Les laboratoires américains sont en concurrence avec les développeurs chinois. Les hyperscalers font la course contre les fournisseurs de cloud spécialisés. Les gouvernements financent des systèmes d'IA souverains, tandis qu'OpenAI, Anthropic et d'autres laboratoires élaborent des modèles de plus en plus puissants.
Le prix économique est trop important pour qu'un participant puisse croire que ses rivaux attendront volontairement.
Tout le monde veut freiner. Personne ne veut les toucher en premier.
Un ralentissement coordonné est donc possible en théorie, mais difficile en pratique.
Même de nouveaux accords de sécurité peuvent modifier la façon dont les systèmes d'IA sont développés sans réduire l'infrastructure requise pour les construire.
Les preuves les plus solides d'Arya proviennent de l'utilisation de l'infrastructure plutôt que des commentaires de la direction.
La capacité du réseau d'IA fonctionne à près de 100 %, tandis que les prix de location augmentent même pour les accélérateurs d'ancienne génération.
C'est important car les technologies vieillissantes deviennent généralement moins chères à mesure que de nouveaux produits entrent sur le marché. La hausse des prix des anciennes puces suggère plutôt que la demande dépasse toujours l'offre disponible.
Ces preuves physiques vont à l'encontre de l'idée selon laquelle les investissements dans l'IA sont déjà en train de baisser.
Le marché évalue effectivement un ralentissement futur des dépenses alors que les infrastructures actuelles restent pleinement utilisées.
L'indice Philadelphia Semiconductor a gagné 67 % en 2026. Pourtant, Arya a indiqué que le groupe se négocie à environ 19 fois ses bénéfices prévisionnels, soit globalement le même que le S&P 500.
La différence, c'est la croissance.
Les bénéfices des semi-conducteurs ont augmenté de 139 % par rapport à l'année précédente, soit environ sept fois plus vite que l'ensemble du marché.
Dans les 24 mois à venir, Arya valorise l'indice des puces à 14,8 fois ses bénéfices. Cela représente une décote de 11 % par rapport au S&P 500 malgré une croissance prévue d'environ 30 %.
L'indice s'est également corrigé d'environ 17 % après avoir presque doublé au cours du premier semestre.
Selon Arya, cette combinaison laisse les valorisations des puces refléter bien plus de scepticisme que ne le justifient les perspectives de bénéfices du secteur.
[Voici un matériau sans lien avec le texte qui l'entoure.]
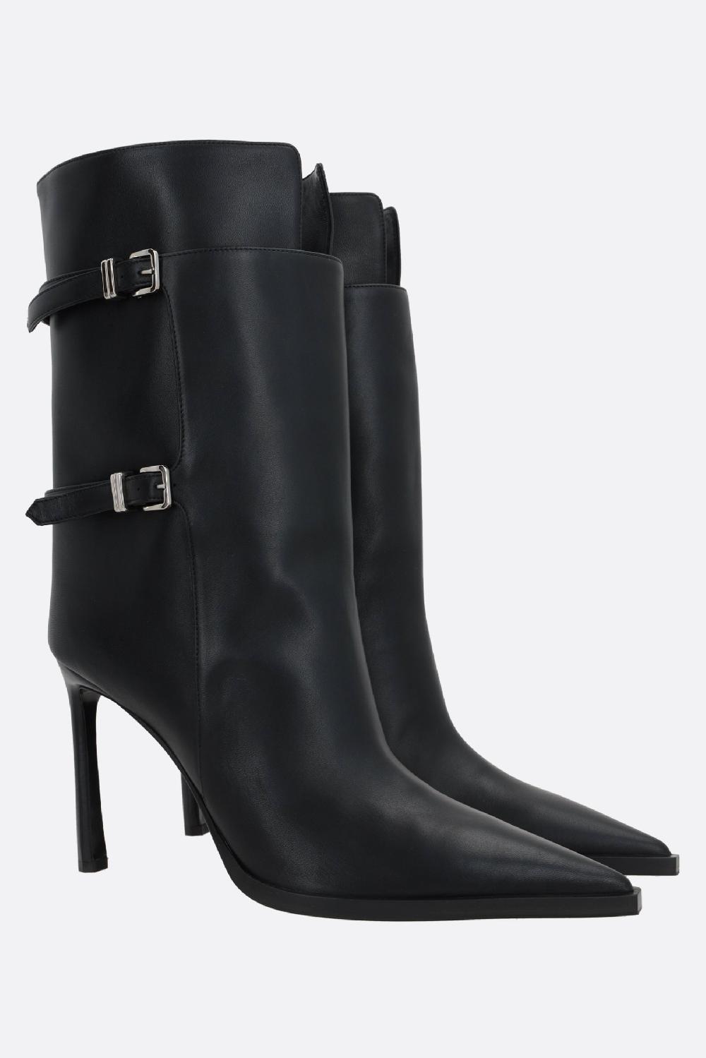 Stivaletto di Sergio Rossi realizzato in nappa color nero. Caratterizzato da chiusura con fibbie laterali, punta affilata, fodere in pelle e suola in gomma. Completa il design il tacco stiletto in legno.
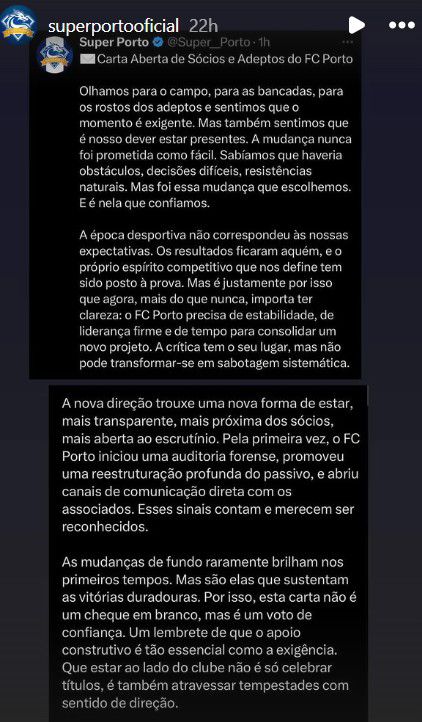 Reconhecendo que a época desportiva ficou aquém das expectativas e o espírito competitivo foi desafiado, aquela comunidade entende que o FC Porto precisa de estabilidade, liderança firme e tempo para consolidar o novo projeto. Para a comunidade Super Porto, o atual elenco trouxe mudanças significativas: maior transparência, proximidade com os sócios, auditoria forense e reestruturação do passivo. A nova direção trouxe uma nova forma de estar, mais transparente, mais próxima dos sócios, mais aberta ao escrutínio.

« Nous restons optimistes en demi-finale, même si nous nous attendons à une volatilité à court terme en raison des taux, des tensions au Moyen-Orient, des midterms américains du 2 novembre et d'une résistance croissante à l'expansion des centres de données », a déclaré Arya.
L'expert s'attend à ce que les entreprises de calcul, de réseaux et de semi-conducteurs analogiques restent plus résilientes. Les stocks d'équipements de mémoire et de puces pourraient se redresser plus tard lorsque la dynamique s'améliorera.
La vente de lundi suppose qu'un débat sur la sécurité de l'IA peut mettre fin à la course aux dépenses en matière d'IA.
Pourtant, tant que tous les participants n'accepteront pas de ralentir simultanément, aucun d'entre eux ne pourra se le permettre.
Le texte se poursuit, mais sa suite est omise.